SOURCE DATA —
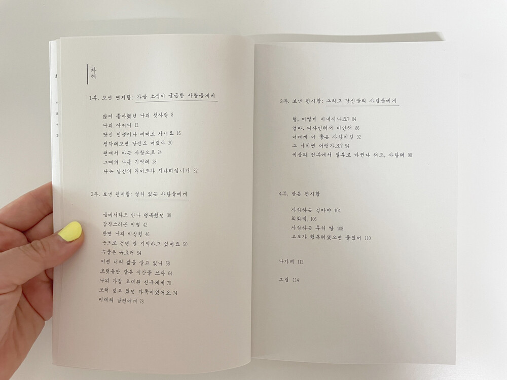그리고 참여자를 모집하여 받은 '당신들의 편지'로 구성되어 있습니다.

==

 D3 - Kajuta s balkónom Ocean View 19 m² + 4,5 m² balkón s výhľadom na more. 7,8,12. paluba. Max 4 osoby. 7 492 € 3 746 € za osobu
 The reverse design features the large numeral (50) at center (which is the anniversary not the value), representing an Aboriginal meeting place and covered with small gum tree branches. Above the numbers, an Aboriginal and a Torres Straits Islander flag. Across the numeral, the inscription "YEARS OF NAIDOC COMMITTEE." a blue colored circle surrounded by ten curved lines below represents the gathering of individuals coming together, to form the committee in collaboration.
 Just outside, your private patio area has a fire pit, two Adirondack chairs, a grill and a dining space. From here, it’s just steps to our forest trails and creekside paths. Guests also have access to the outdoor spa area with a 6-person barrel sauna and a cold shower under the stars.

PROBLEM REQUIREMENTS —
Would you print, exactly as written, every line above from the one holding "The reverse design" through the one holding "Just outside, your", with both included and no other lines?

RESULT BELOW —
 The reverse design features the large numeral (50) at center (which is the anniversary not the value), representing an Aboriginal meeting place and covered with small gum tree branches. Above the numbers, an Aboriginal and a Torres Straits Islander flag. Across the numeral, the inscription "YEARS OF NAIDOC COMMITTEE." a blue colored circle surrounded by ten curved lines below represents the gathering of individuals coming together, to form the committee in collaboration.
 Just outside, your private patio area has a fire pit, two Adirondack chairs, a grill and a dining space. From here, it’s just steps to our forest trails and creekside paths. Guests also have access to the outdoor spa area with a 6-person barrel sauna and a cold shower under the stars.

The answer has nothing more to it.